Second, the Texas policy has triggered a counterreaction among Democrats to create “sanctuary states” for kids seeking hormones. California’s SB 107, sponsored by state senator Scott Weiner and passed last year, was a direct response to developments in Texas. As the text of the law makes plain, its goal is to provide a safe haven for those seeking medical transition against enforcement efforts in their home states. Especially when coupled with other California provisions dealing with minor access to health care, SB 107 is truly nefarious in its intent and implications. Lawmakers who want to limit and eventually do away with “gender-affirming care” cannot afford to ignore the political logic of these battles, nor the extent to which this issue has been supercharged by partisan polarization.

The proposed ban on hormones and surgeries in Oklahoma, meantime, combines two things that should be kept separate: transition of adults and transition of minors.

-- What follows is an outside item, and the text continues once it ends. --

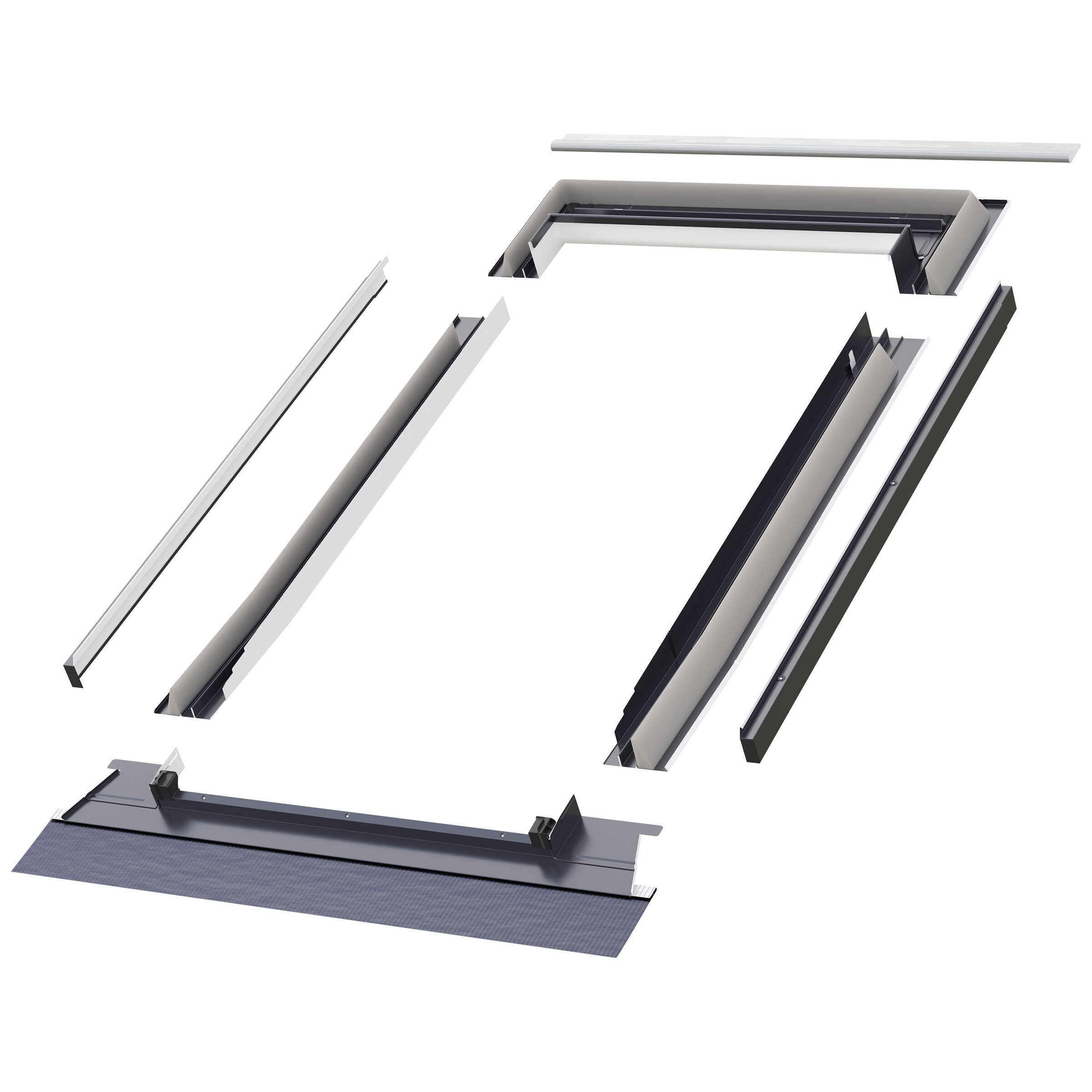 Kołnierz składa się z pięciu podstawowych elementów (dolny element, dwa boczne i górny element, PKDO). Dolny element kołnierza zakończony elastycznym fartuchem, posiada podklejoną od spodu masę plastyczną pozwalającą na przyklejenie kołnierza do pokrycia dachowego, przez co zapewniona jest szczelność połączenia. Wyposażony jest ponadto w rynienkę odwadniająca mającą na celu odprowadzenie skroplin pary wodnej z folii wstępnego krycia poza okno oraz boczne kliny uszczelniające zapewniające ochronę przed nawiewaniem pyłu, liści i śniegu.

To be sure, a legitimate debate can be had about whether or under what conditions “gender-affirming care” should be offered to adults. Adults are better able than minors to understand the risk–benefit calculus of these interventions and make autonomous choices, but adults are not always being given factually accurate assessments of the risks and benefits. A legitimate debate can also be had about whether consent to “gender-affirming” interventions should be available right at the cutoff age of 18, given that cognitive development is believed to last until age 25.

It would be reasonable to view transition for adults as a riskier version of cosmetic surgery. It would also be reasonable to wonder whether doctors’ independent duty to “do no harm” precludes them from prescribing these interventions even if adults are fully able to consent to them. These are difficult and legitimate questions, and we are far from persuaded that hormones and surgeries should never be offered to mature, consenting adults who have been given all the relevant and accurate information.

But the argument for restricting these interventions for minors is obviously more compelling and politically easier to make, and given the Wild West of pediatric gender medicine in the United States, there is an urgent need to make it. Oklahoma’s law makes it harder for reformers to do so. It lends credence to gender industrialists when they say that critics’ concerns about minors are merely a smokescreen for the true end goal, which is prohibition of all medical transition, which they equate to forcing all transgender people back into the closet.

Lawmakers can do much to protect children, restore parental authority, and mitigate the harms of ideological capture in the medical field. One of us, along with Manhattan Institute fellow John Ketcham, recently published an article outlining eight policy proposals states can adopt short of total bans. For states that do wish to pursue bans, the ideal is to limit those bans to minors, use civil rather than criminal penalties, include grandfather clauses for minors already on synthetic hormones, expand statutes of limitations for malpractice liability, and allow for private rights of action (against providers only). These proposals represent a more constructive way to regulate this issue.